### What to work on
The listing below has to be output exactly as given, less its pictures.

### Recorded data
[Start of section]

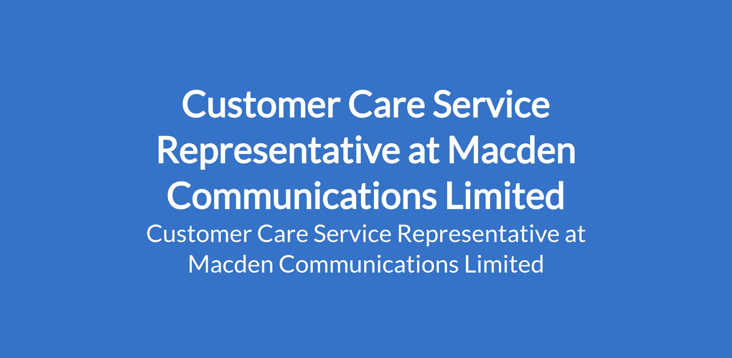 Macden Communications Limited is recruiting to fill the position of: Customer Care Service Representative, Females Only. The position is located in Ogba, Lagos State. Salary: N80,000 - N100,000 / month. Interested candidates should possess relevant qualifications with years of work experience.
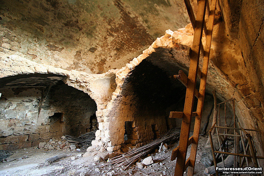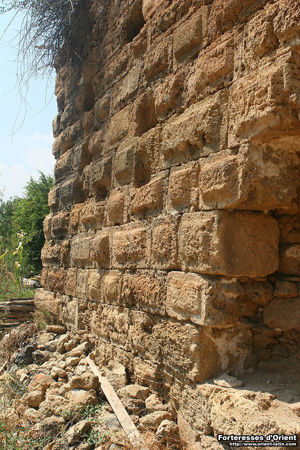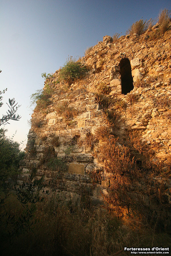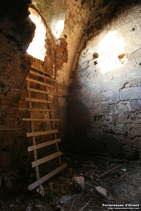 Le niveau le plus élevé est quant à lui desservi par un escalier pratiqué dans l’épaisseur du mur et dont le point d’entrée se trouve au niveau du premier étage. A cette hauteur, les parements extérieurs ont été arrachés ainsi qu’une partie de l’âme du mur. En conséquence, l’escalier est aujourd’hui à ciel ouvert et depuis l’extérieur de la tour on peut suivre sur quelques mètres la tranche de la voûte qui jadis en dessinait le conduit. Sur le toit, et comme pour l’ensemble des tours médiévales de la région à l’exception de celle de Safita, les couronnements ont tous disparus.
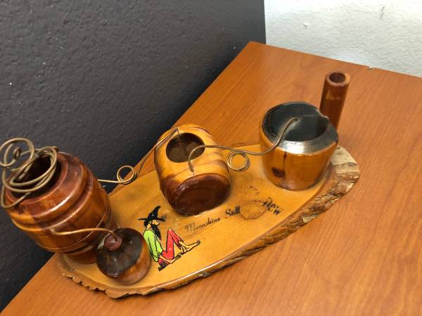 Call or text when ready to purchase TwoOneZero-300-1759 Vintage Boone North Car Moonshine Still Jug Wood Decoration Made in USA Measures 13” wide 7” tall $50 Pick up anytime or Shipping Available...
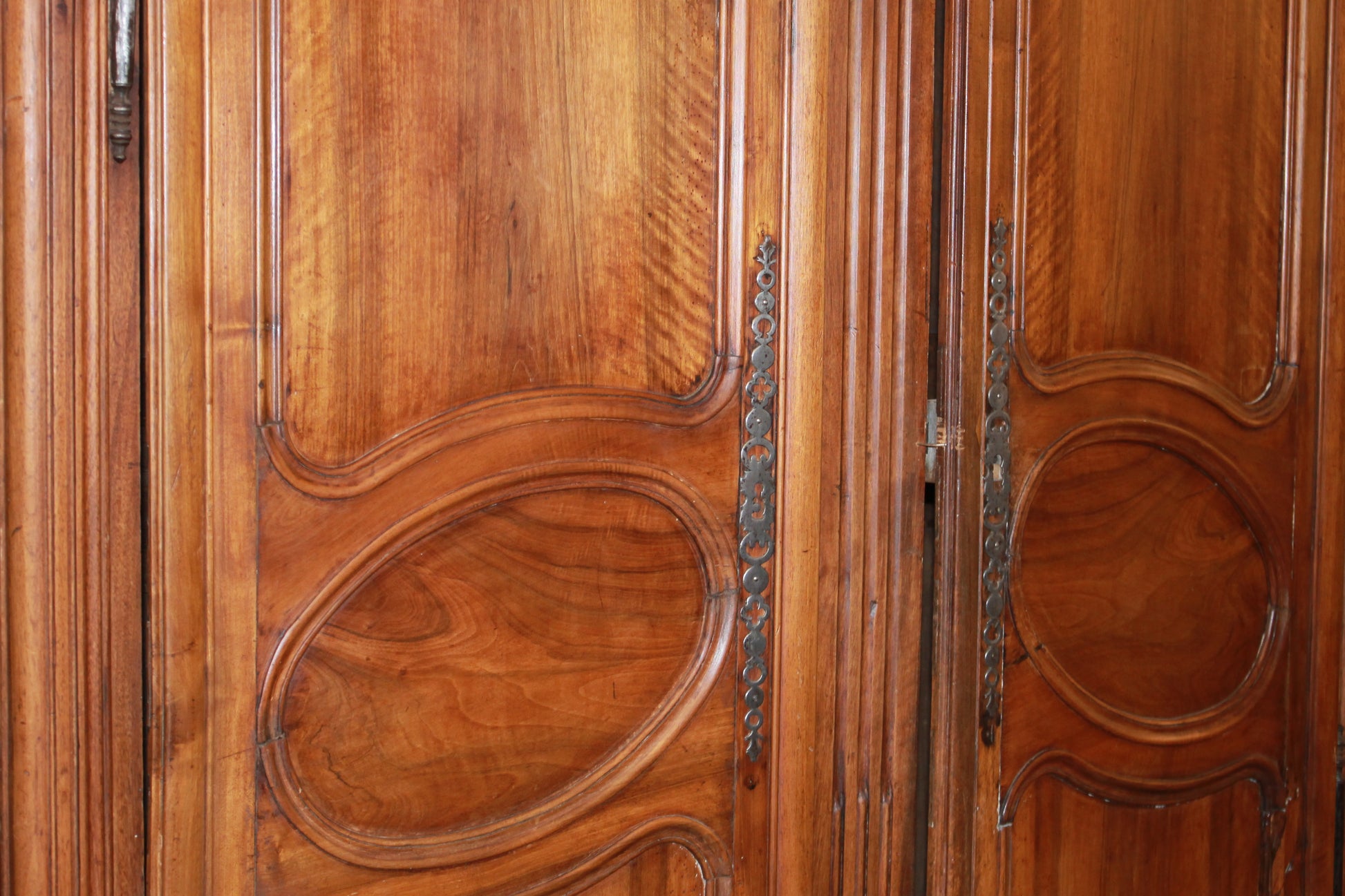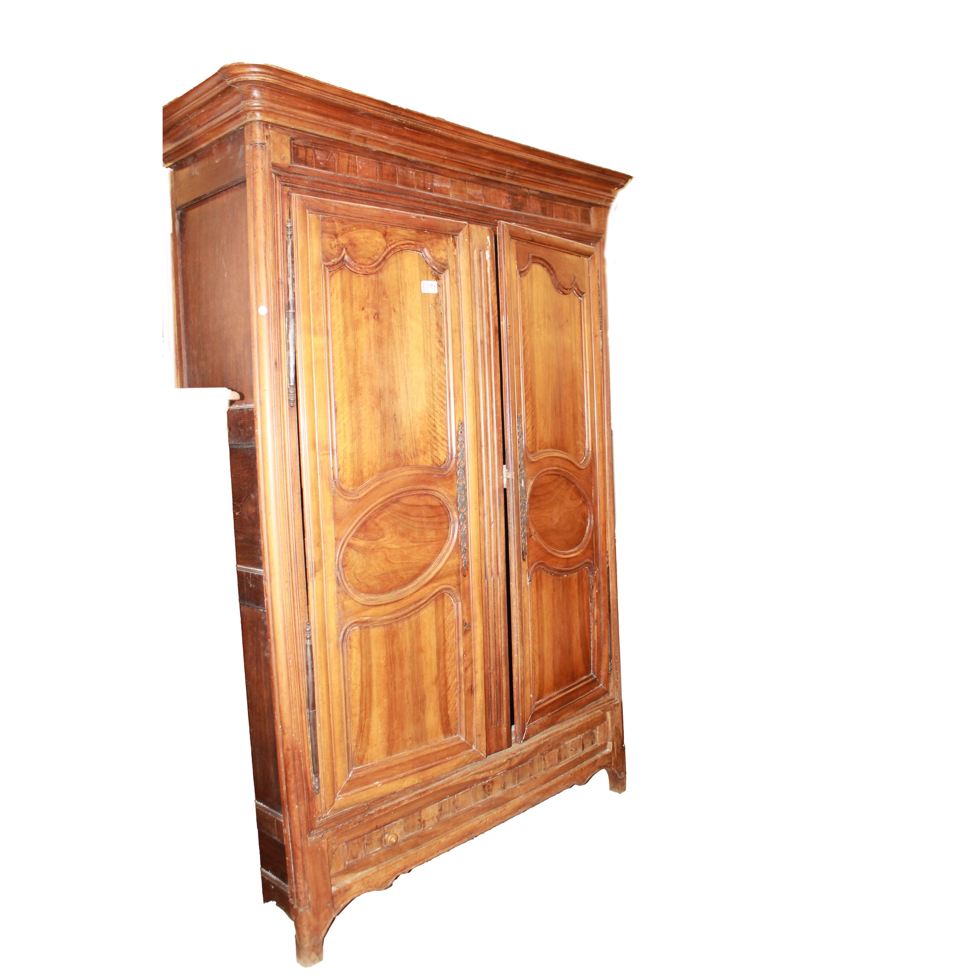 Grande armadio francese di fine 1700 stile Provenzale in legno di noce. Presenta 1 cassetto nella parte inferiore e le ante sono arricchite da pannellature sagomate con motivi mistilinei e riquadri centrali ovali in rilievo.

[End of section]

### The answer
 Macden Communications Limited is recruiting to fill the position of: Customer Care Service Representative, Females Only. The position is located in Ogba, Lagos State. Salary: N80,000 - N100,000 / month. Interested candidates should possess relevant qualifications with years of work experience.
 Le niveau le plus élevé est quant à lui desservi par un escalier pratiqué dans l’épaisseur du mur et dont le point d’entrée se trouve au niveau du premier étage. A cette hauteur, les parements extérieurs ont été arrachés ainsi qu’une partie de l’âme du mur. En conséquence, l’escalier est aujourd’hui à ciel ouvert et depuis l’extérieur de la tour on peut suivre sur quelques mètres la tranche de la voûte qui jadis en dessinait le conduit. Sur le toit, et comme pour l’ensemble des tours médiévales de la région à l’exception de celle de Safita, les couronnements ont tous disparus.
 Call or text when ready to purchase TwoOneZero-300-1759 Vintage Boone North Car Moonshine Still Jug Wood Decoration Made in USA Measures 13” wide 7” tall $50 Pick up anytime or Shipping Available...
 Grande armadio francese di fine 1700 stile Provenzale in legno di noce. Presenta 1 cassetto nella parte inferiore e le ante sono arricchite da pannellature sagomate con motivi mistilinei e riquadri centrali ovali in rilievo.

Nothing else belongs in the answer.